About this exercise: Skip the images and return the records below exactly.

Available data:

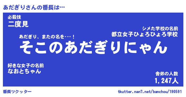 | 意味不明あだ名 | 『ペロリンあだぎり』『永久保存あだぎり』 |
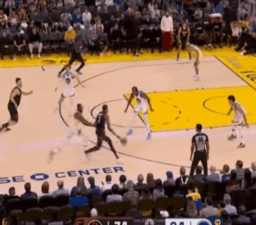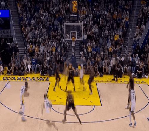 追夢內切上籃,庫里喂佩頓上籃,然后和追夢一個招牌遞手速投,差5分。
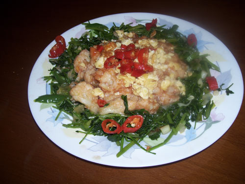 及以下步骤:炒锅烧热、倒入一勺豆油、先炒花椒,待出香味、把花椒去除。 用热的花椒油炒葱花和辣椒。 把香菜段放锅内,和葱辣椒在一起翻炒片刻,加入一点海鲜酱油。 把炒好的香菜盛入盘子。 把炒锅刷洗干净烧热水,把菜花汆烫。 菜花烫好以后、控净水份。锅放一点豆油烧热,炒菜花,放番茄酱。调入一点芡汁。芡汁有土豆粉,盐,酱油。一点白糖。 菜花炒好了,把菜盛在炒好的香菜盘子上面。 菜里面没有肉。炒一个鸡蛋放在菜花上面。 再炒一个红辣椒,也添加在菜的上面。这个辣椒比较辣。 还有点胡萝卜和西红柿也摆放在菜的上面。
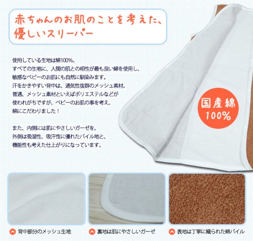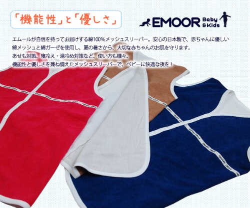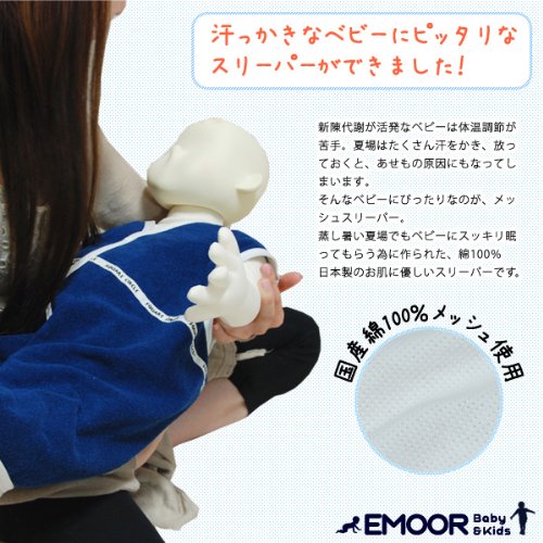 - エムールが自信を持ってお届けする綿100%メッシュスリーパー。安心の日本製で、ベビーに優しい綿メッシュと綿ガーゼを使用し、夏の暑さから、大切な赤ちゃんのお肌を守ります。
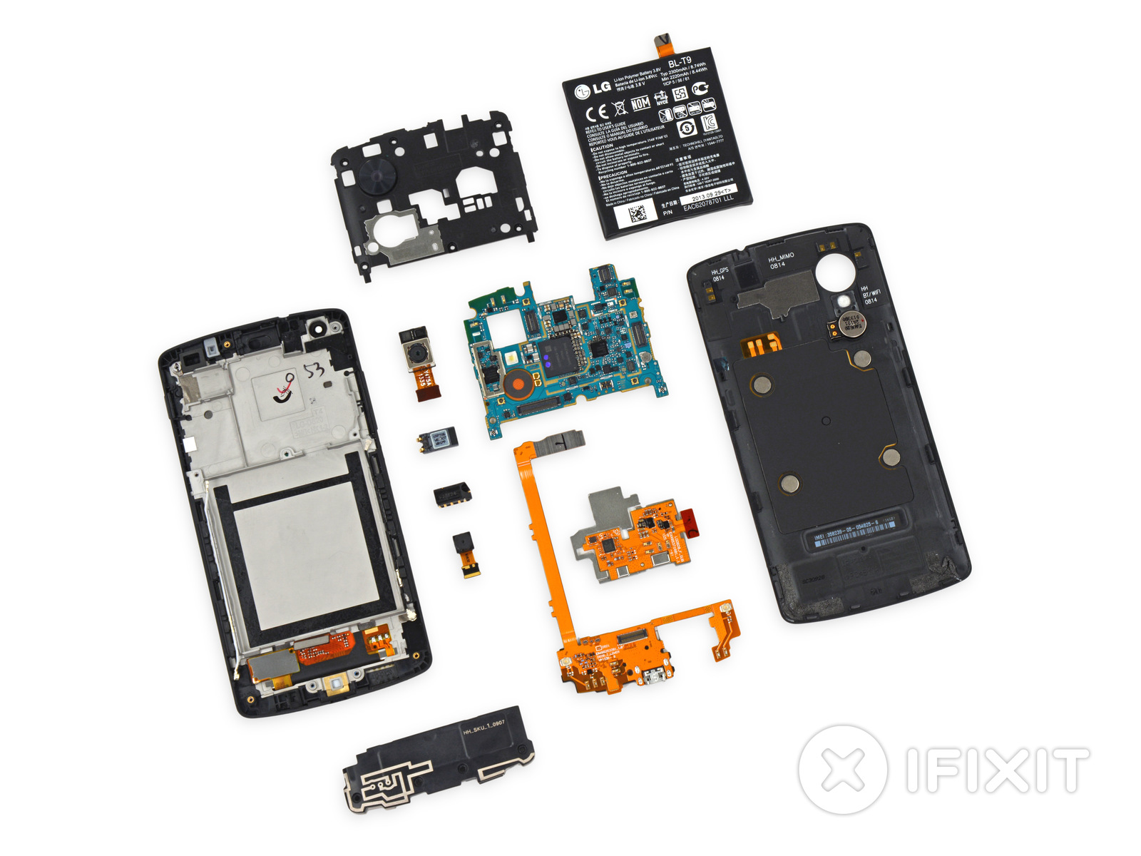 Αυτό, ωστόσο, δε φαίνεται να ισχύει στην περίπτωση του Nexus 5, το οποίο, όπως διαβάζουμε, ήταν αρκετά εύκολο να ανοίξει, ενώ εξαρτήματα όπως το ηχείο ή η υποδοχή των ακουστικών αρκετά εύκολο να αντικατασταθούν.
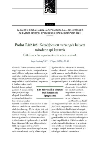 Fodor, Richárd (2025) Kétségbeesett versengés helyett mindennapi katarzis : Útikalauz a holnapután oktatási minisztereinek. ÚJ PEDAGÓGIAI SZEMLE, 75 (1-2). pp. 94-101. ISSN 1215-1807
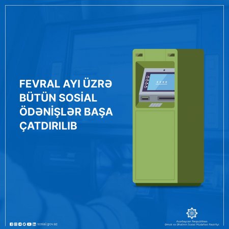 Fevral ayı üzrə bütün sosial ödənişlər başa çatdırılıb
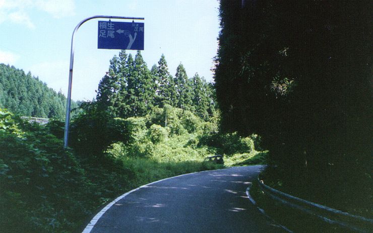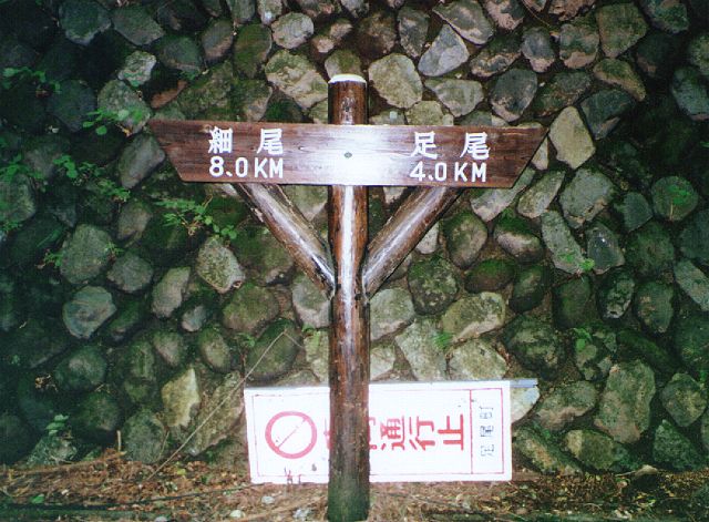 峠にある標識 「細尾8KM、足尾4KM」 |
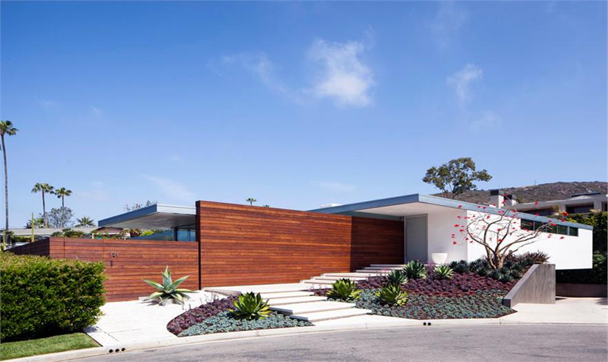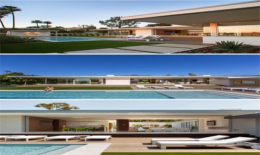 該住宅建筑位于加利福尼亞州拉古納海灘上,為一對(duì)夫婦和他們的2個(gè)兒子設(shè)計(jì),充分利用其晴朗的天氣,讓該建筑的大部分空間對(duì)后院和游泳池開放。
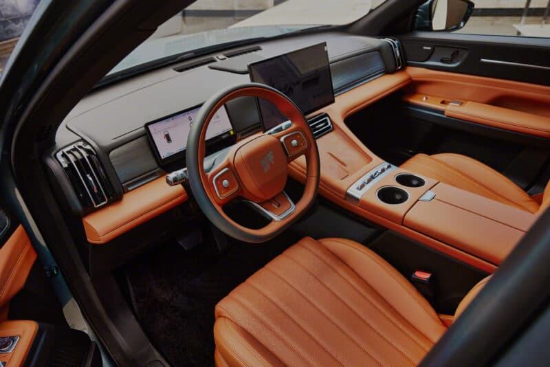Интерьер оснащён ЖК-панелью, 15,6-дюймовым экраном, чипом Qualcomm Snapdragon 8155 и операционной системой TOUR OS 3.0 с голосовым помощником Doubao AI от ByteDance. Среди особенностей — беспроводная зарядка на 50 Вт, аудиосистема с 12 динамиками, 43 отсека для хранения и багажник объёмом до 1708 литров.

Response to this exercise:
 | 意味不明あだ名 | 『ペロリンあだぎり』『永久保存あだぎり』 |
 追夢內切上籃,庫里喂佩頓上籃,然后和追夢一個招牌遞手速投,差5分。
 及以下步骤:炒锅烧热、倒入一勺豆油、先炒花椒,待出香味、把花椒去除。 用热的花椒油炒葱花和辣椒。 把香菜段放锅内,和葱辣椒在一起翻炒片刻,加入一点海鲜酱油。 把炒好的香菜盛入盘子。 把炒锅刷洗干净烧热水,把菜花汆烫。 菜花烫好以后、控净水份。锅放一点豆油烧热,炒菜花,放番茄酱。调入一点芡汁。芡汁有土豆粉,盐,酱油。一点白糖。 菜花炒好了,把菜盛在炒好的香菜盘子上面。 菜里面没有肉。炒一个鸡蛋放在菜花上面。 再炒一个红辣椒,也添加在菜的上面。这个辣椒比较辣。 还有点胡萝卜和西红柿也摆放在菜的上面。
 - エムールが自信を持ってお届けする綿100%メッシュスリーパー。安心の日本製で、ベビーに優しい綿メッシュと綿ガーゼを使用し、夏の暑さから、大切な赤ちゃんのお肌を守ります。
 Αυτό, ωστόσο, δε φαίνεται να ισχύει στην περίπτωση του Nexus 5, το οποίο, όπως διαβάζουμε, ήταν αρκετά εύκολο να ανοίξει, ενώ εξαρτήματα όπως το ηχείο ή η υποδοχή των ακουστικών αρκετά εύκολο να αντικατασταθούν.
 Fodor, Richárd (2025) Kétségbeesett versengés helyett mindennapi katarzis : Útikalauz a holnapután oktatási minisztereinek. ÚJ PEDAGÓGIAI SZEMLE, 75 (1-2). pp. 94-101. ISSN 1215-1807
 Fevral ayı üzrə bütün sosial ödənişlər başa çatdırılıb
 峠にある標識 「細尾8KM、足尾4KM」 |
 該住宅建筑位于加利福尼亞州拉古納海灘上,為一對(duì)夫婦和他們的2個(gè)兒子設(shè)計(jì),充分利用其晴朗的天氣,讓該建筑的大部分空間對(duì)后院和游泳池開放。
Интерьер оснащён ЖК-панелью, 15,6-дюймовым экраном, чипом Qualcomm Snapdragon 8155 и операционной системой TOUR OS 3.0 с голосовым помощником Doubao AI от ByteDance. Среди особенностей — беспроводная зарядка на 50 Вт, аудиосистема с 12 динамиками, 43 отсека для хранения и багажник объёмом до 1708 литров.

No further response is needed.